Wow! Interesting you should say that because one of my closest friends has been love bombed like crazy! She hasn't been in a relationship for a long time and felt estatic that this man was professing her love to her so quickly claiming he had never felt that way about anybody before. I have already seen the signs and I'm very afraid for her! Thanks for all the support! xoxoxo
Dec 11 - 10PM
uk lady
uk lady's picture

Hi Gravity

I am asolutely over the moon for you.

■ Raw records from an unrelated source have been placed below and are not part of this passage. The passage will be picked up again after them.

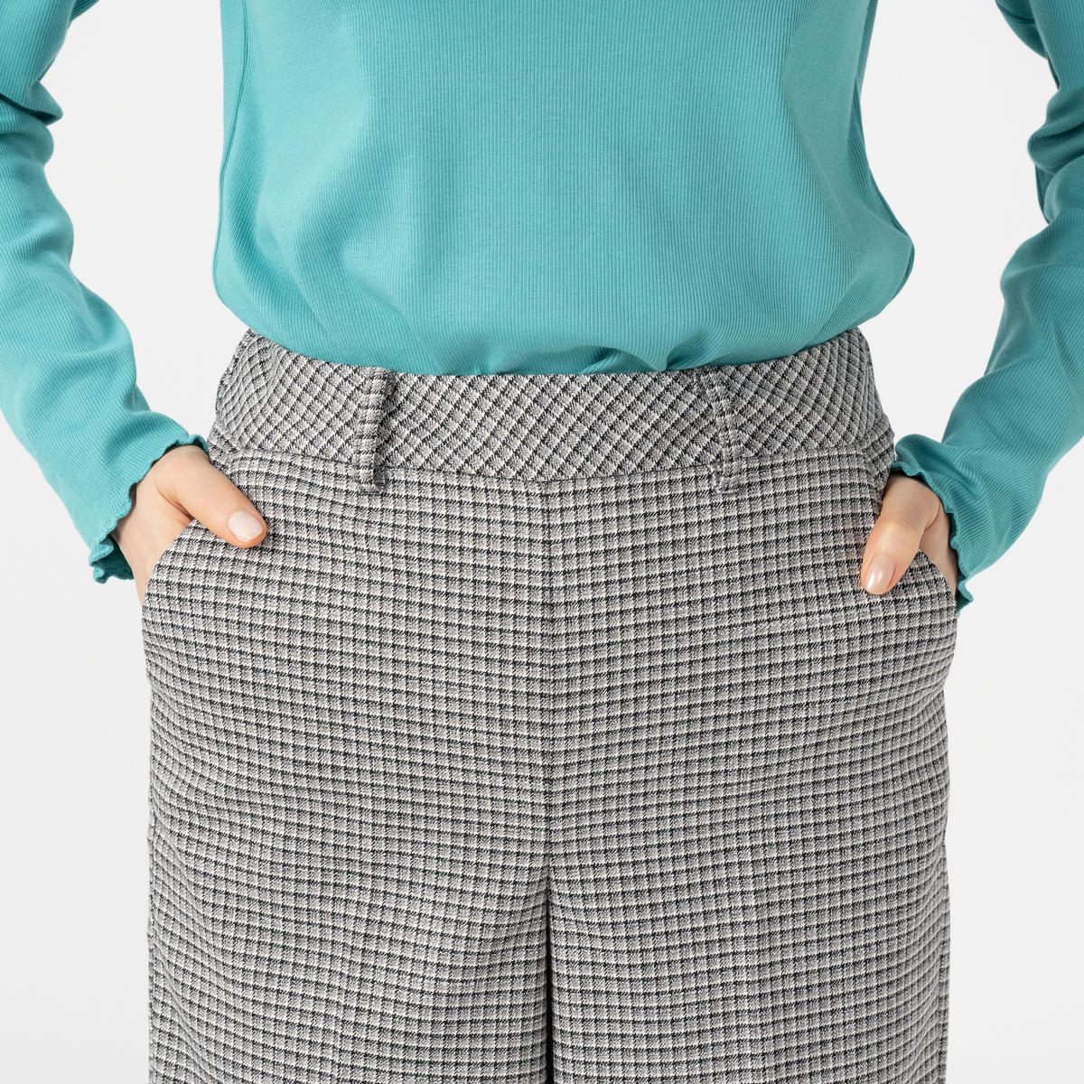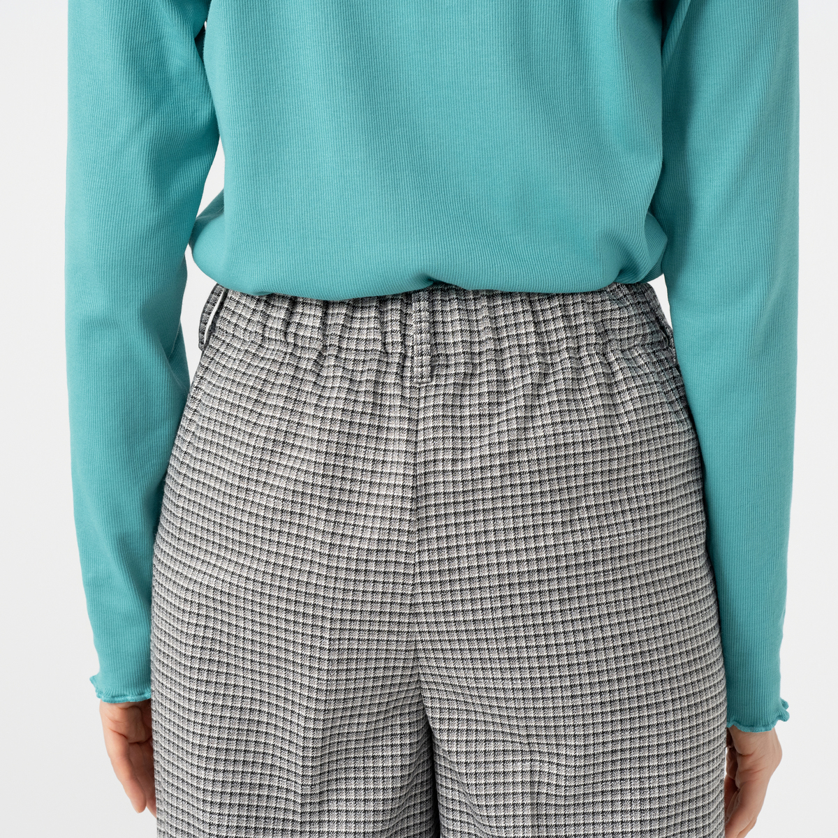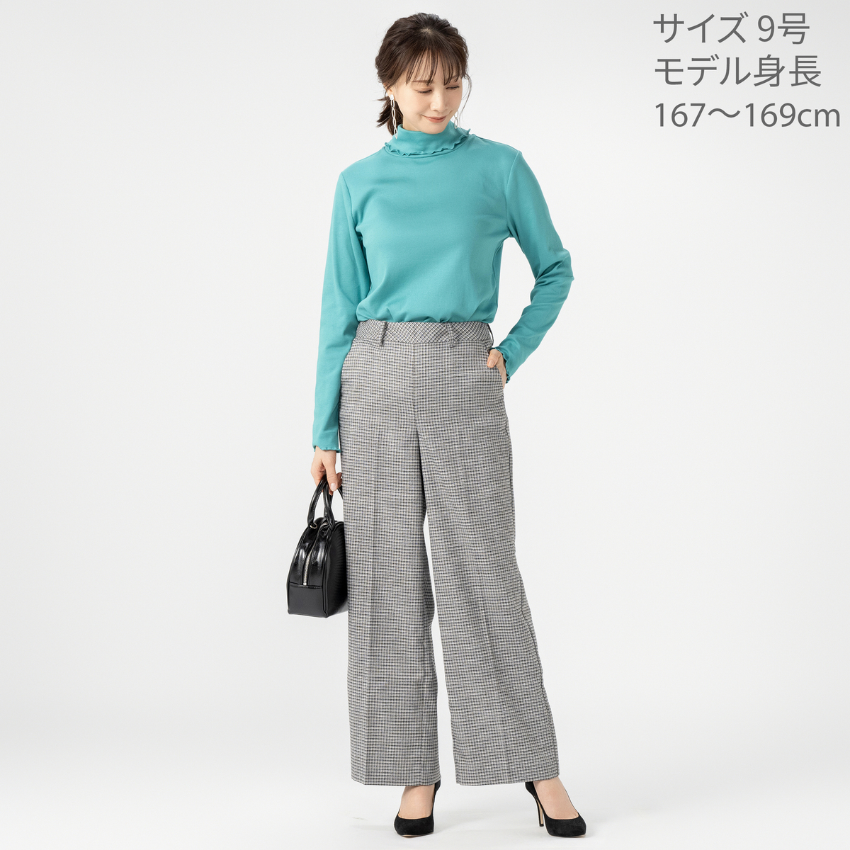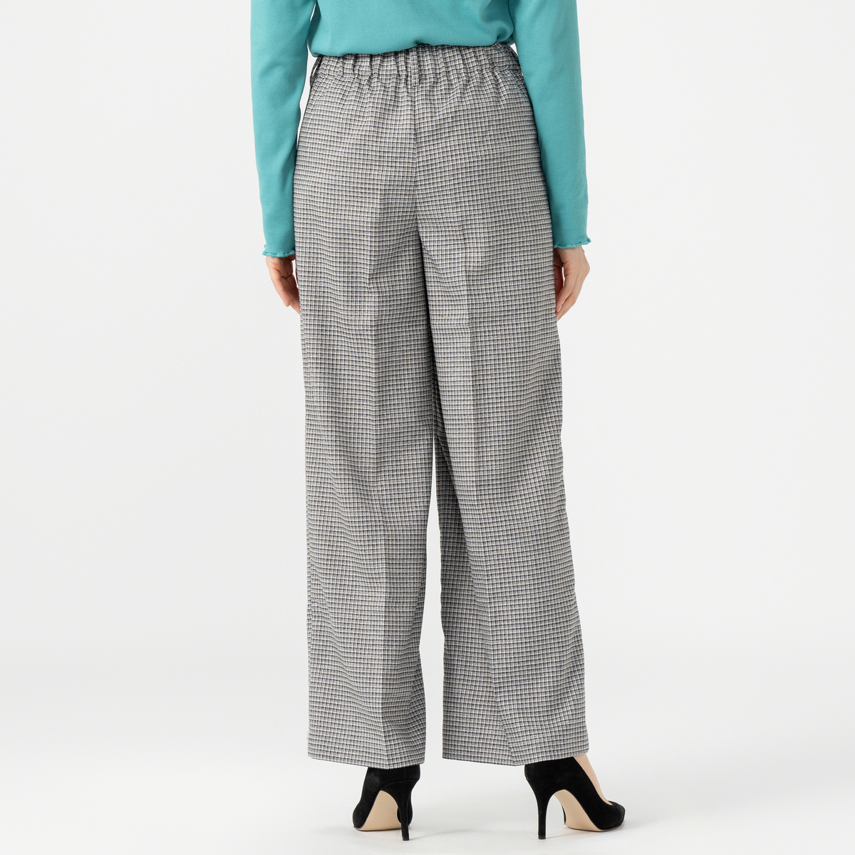 ミニチェック柄が広がるワイドパンツ。オンでもオフでもコーデしやすい上品なチェック柄です。ウエストは後ろ全体がゴム仕様のプルオンタイプで、キレイ見えしながら穿き心地はラクチン。前左右には便利なポケットを付けています
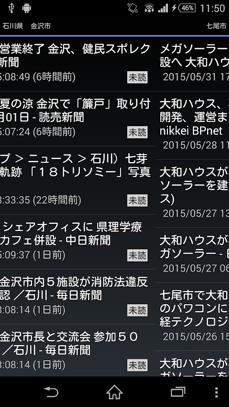 石川県のニュースを地域別に一覧表示するアプリ 石川県内の地域のニュースを一覧表示します。市区町村別に表示しています。
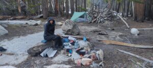 Wir steigen vom Kearsage Pass auf der anderen Seite wieder runter und befinden uns im Kings Canyon National Park. Meine Schuhe und Socken sind mittlerweile durch den Schnee und die kleinen Bäche durchnässt. Dirk meint nur, dass das jetzt so bleibt, bis wir das nächste Mal einen Pausentag machen. Wir schaffen es leider nicht bis zum PCT zurück, nach 13 Kilometern bin ich ziemlich platt, habe durch die Höhe leicht Kopfschmerzen. Zudem zieht eine schlecht Wetterfront auf. Dirk sucht schnell ein halbwegs mögliches Plätzchen für unser Zelt. Im Vorzelt haben wir auf der einen Seite einen dicken Felsen, sowie auf Dirks Schlafseite einen größeren Stein unterm Zelt und Mal wieder steht es völlig krum und schief. Egal, schnell ins Zelt, alles zumachen und schon geht der Graupelschauer los. Dirk legt sich um den Stein herum, Pita findet ihn super und nutzt ihn als Kopfkissen. Ich bin so erschöpft, dass ich am frühen Nachmittag schon sofort einschlafe.
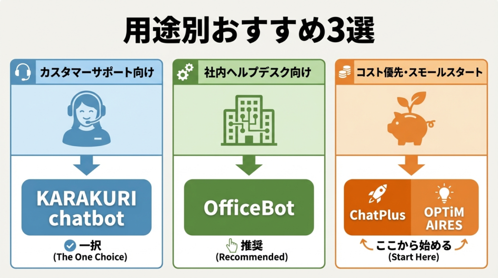 どのサービスが自社に合うかは、用途で絞るのが最速です。
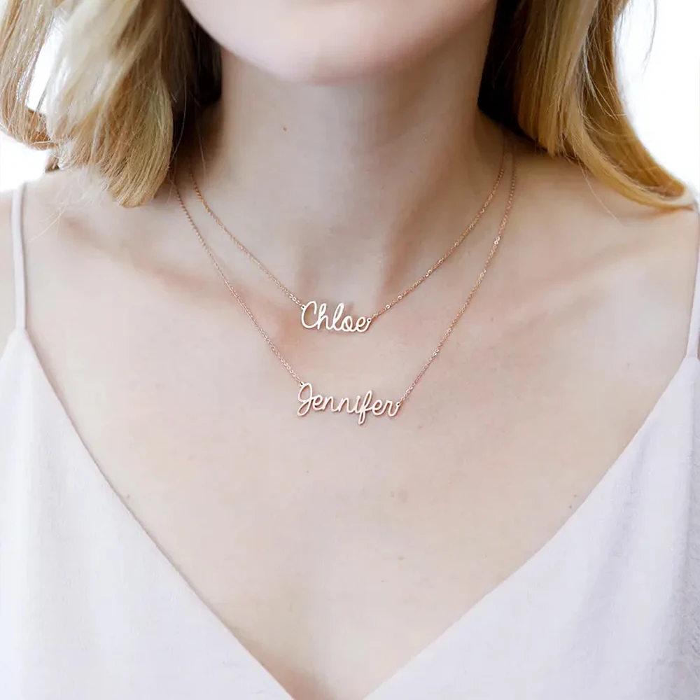 This custom double name choker necklace is crafted in durable stainless steel, available in silver, gold, and rose gold. Designed as a meaningful accessory, it features two names on a classic link chain, making it an ideal gift for special occasions like Léon Day or birthdays. This elegant, personalized necklace is perfect for adding a unique touch to any outfit.
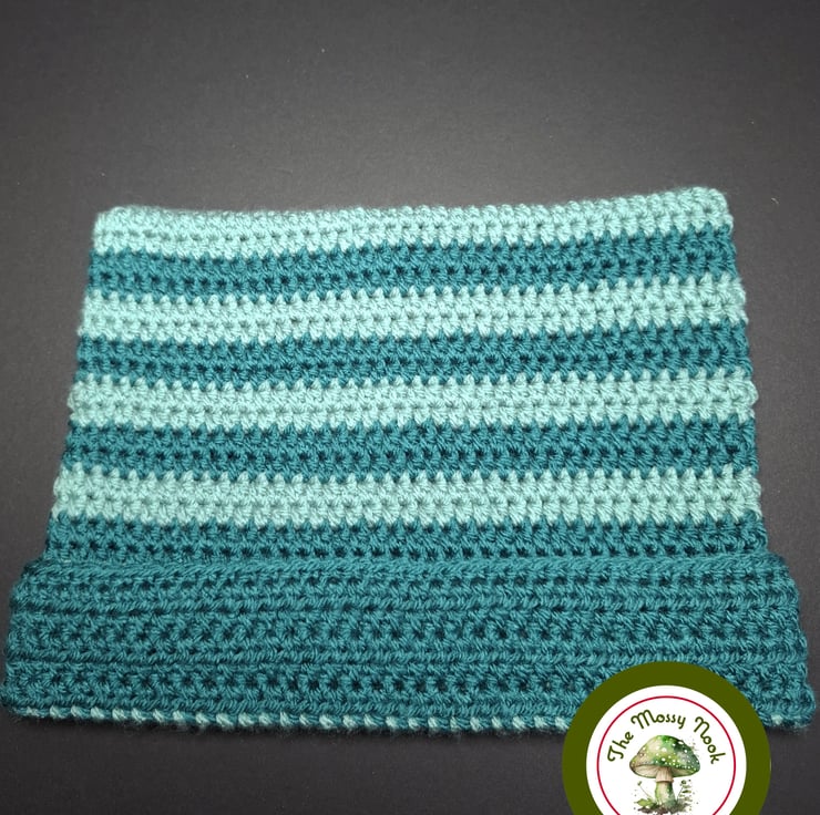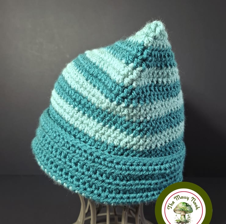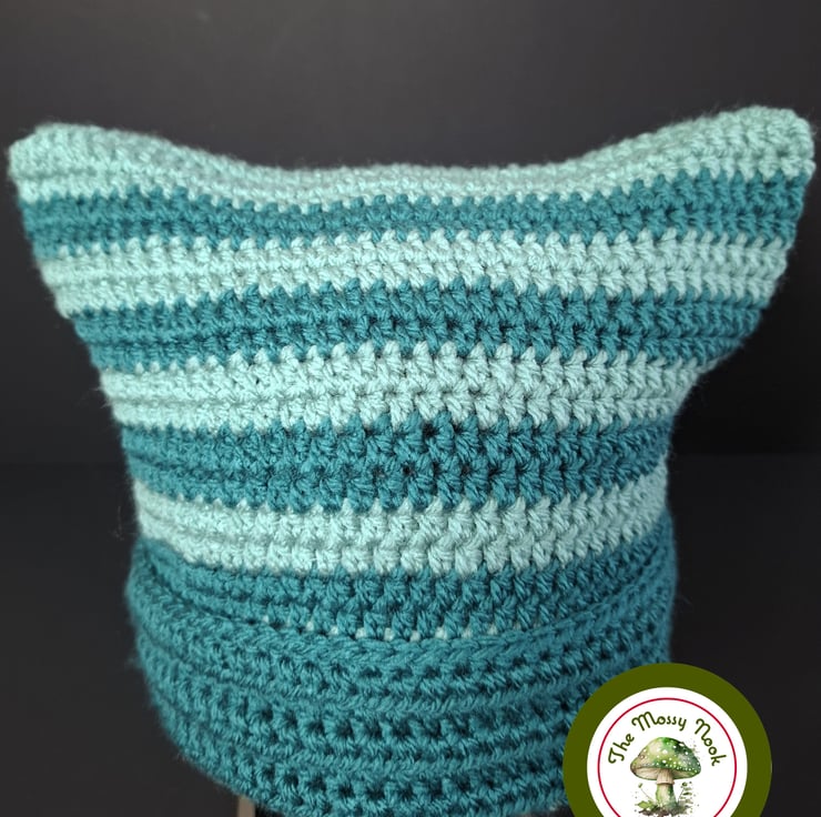 This cute cat ear hat is hand crocheted using a lovely soft, acrylic yarn in stipes of mint and teal green. The cuff is not fixed, allowing you to shorten or lengthen the hat to your choosing
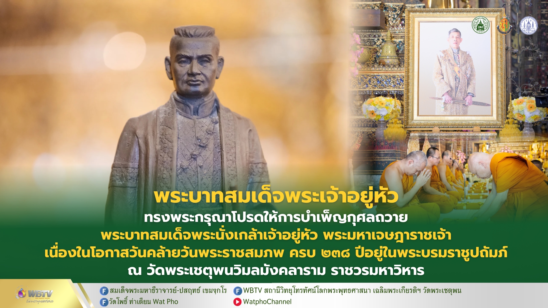 ❖ พระบาทสมเด็จพระเจ้าอยู่หัว ทรงพระกรุณาโปรดให้พิธีบำเพ็ญกุศลถวาย พระบาทสมเด็จพระนั่งเกล้าเจ้าอยู่หัว พระมหาเจษฎาราชเจ้า เนื่องในโอกาสวันคล้ายวันพระบรมราชสมภพ อยู่ในพระบรมราชูปถัมภ์
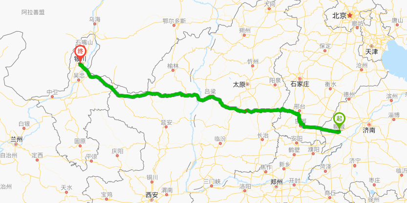 聊城出發,全程約十四小時,途經東呂高速、青銀高速,每2-3在服務區調整休息。
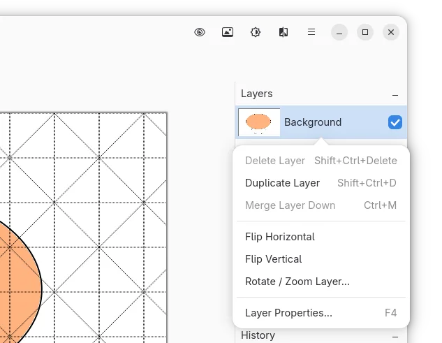 It also added context menu support for layers. Meaning, user can now right-click on a layer to get a pop-up menu with options to duplicate, merge, delete, flip, rotate or zoom layer or open layer properties dialog.
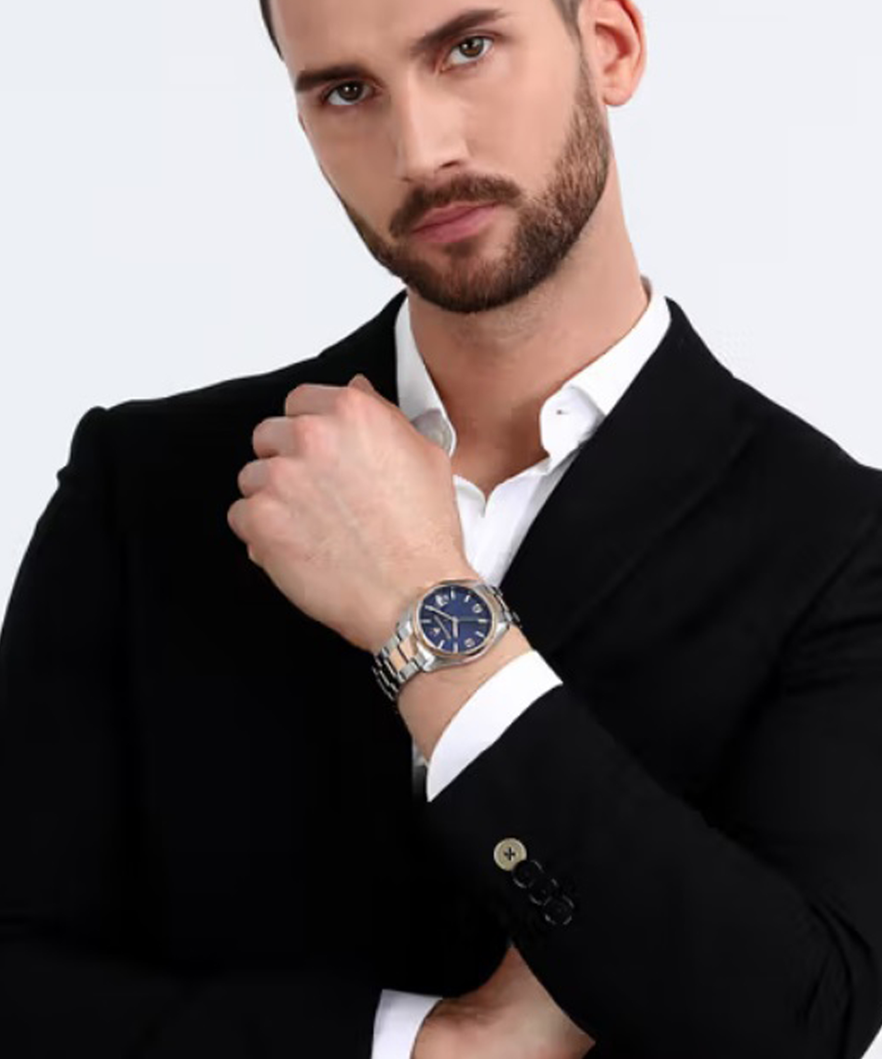 Диаметр корпуса 43 мм придает часам выразительный вид, а аналоговый циферблат темно-синего цвета в сочетании с золотистыми стрелками и метками времени придает ему роскошный шарм. Дополнительное окошко даты увеличивает функциональность, а минеральное стекло надежно защищает циферблат от царапин, сохраняя его безупречный вид.
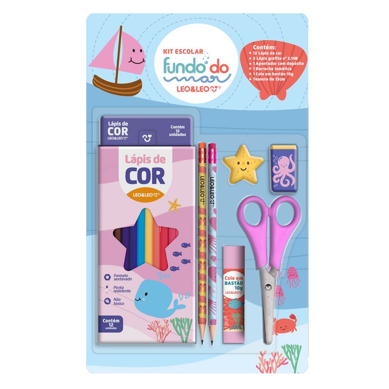 KIT LAPIS DE COR 12 CORES FUNDO DO MAR LEO E LEO

It is truly wonderful when you reach the stage of acceptance and you can finally get yourself back again after the P/N association. I'm walking alongside you on my path too. The freedom and joy is boundless. And with your newfound awareness and knowledge it is only natural to pass it forward to others in their hour of need too. Sharing is caring. Well done Gravity - onwards and upwards and onto better things. Dee x
Dec 11 - 10PM (Reply to #2)
Gravity
Gravity's picture

uk lady

Thanks so much for the support! SO glad to hear you are doing well as well!! Without all of you I wouldn't be where I am today..I know how important it is to support others going through the same thing! xoxoxoxo
Dec 11 - 10PM (Reply to #3)
walking_on_sunshine
walking_on_sunshine's picture

You are taking all the right

You are taking all the right steps, I'm so happy for you that things are getting better. You have great awareness and I can see that you are a fighter. I have faith you will be ok. :) Be well.